### DATASET SECTION
------------------------------------
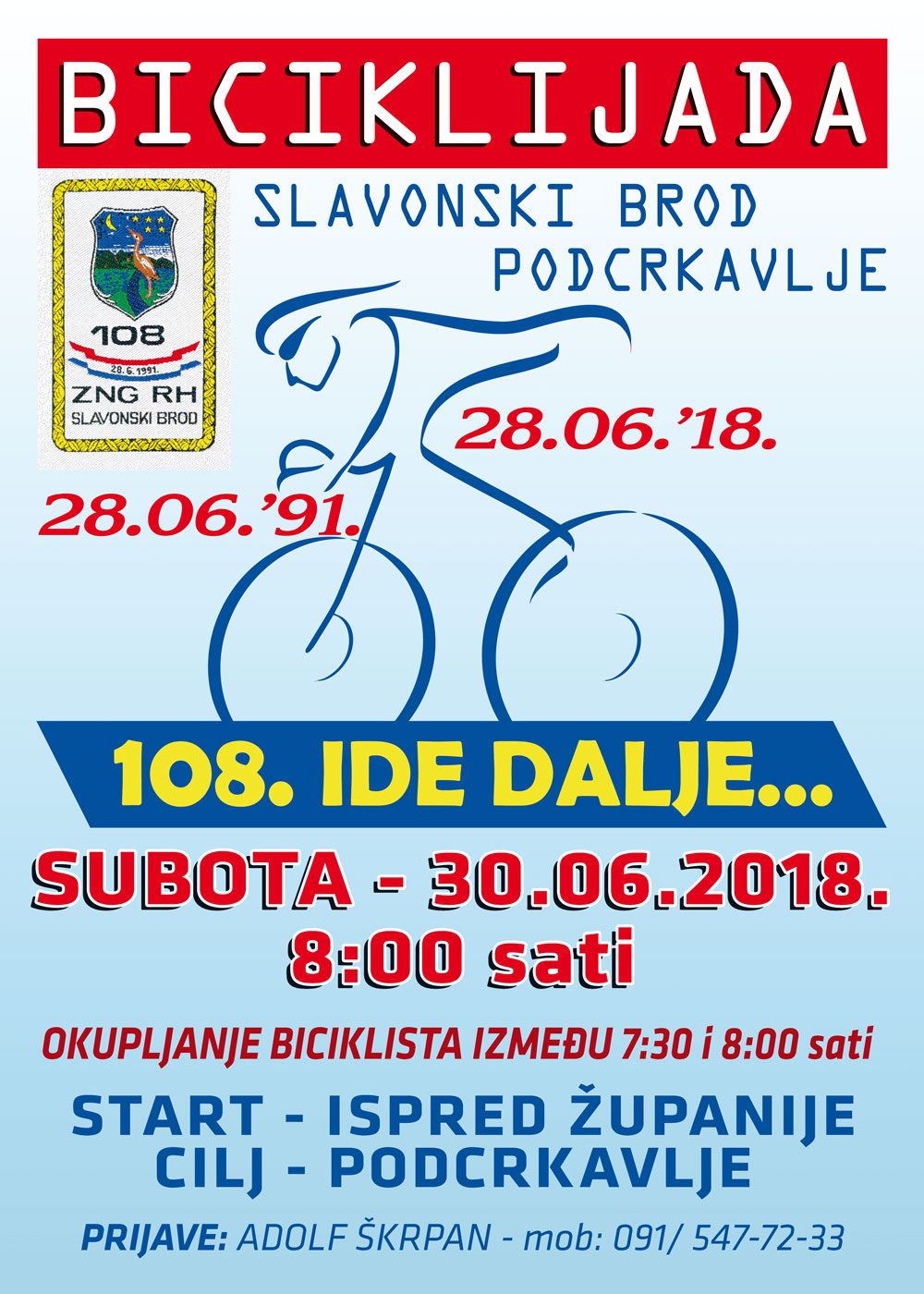 U subotu, 30. lipnja 2018. biti će održana Tradicionalna biciklijada "108. ide dalje....", koja se vozi od Slavonskog Broda do sela Podcrkavlje, mjesta gde je 28. lipnja 1991. formirana dragovoljačka legendarna 108. brigada ZNG RH Slavonski Brod.
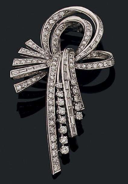 Broche "boucle" en platine (950) et or gris 18k (750) sertie de lignes de diamants baguettes et de diamants de taille brillant. Vers 1950.
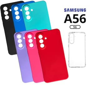 Kit capa case colorida + capinha transparente para samsung a56 Cor: preto+transparente
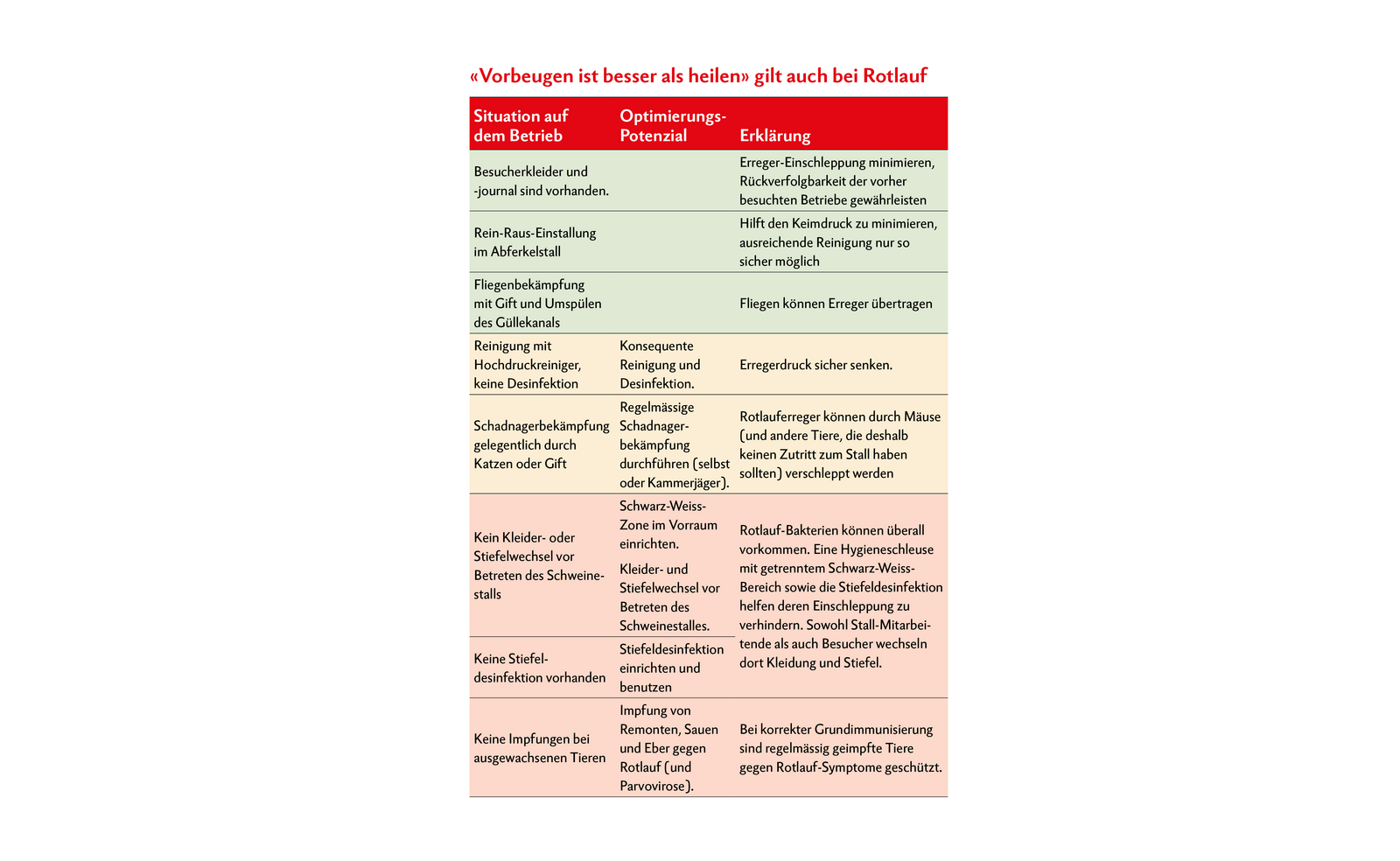 - Konsequente Hygiene und Impfung des Tierbestandes senken das Risiko für Rotlauf-Symptome.
------------------------------------
### EXERCISE BRIEF
Lines from the start of the material through the line containing "brillant. Vers 1950." are to be restated word for word; no picture may be included.

### ANSWER TO THE PROBLEM
 U subotu, 30. lipnja 2018. biti će održana Tradicionalna biciklijada "108. ide dalje....", koja se vozi od Slavonskog Broda do sela Podcrkavlje, mjesta gde je 28. lipnja 1991. formirana dragovoljačka legendarna 108. brigada ZNG RH Slavonski Brod.
 Broche "boucle" en platine (950) et or gris 18k (750) sertie de lignes de diamants baguettes et de diamants de taille brillant. Vers 1950.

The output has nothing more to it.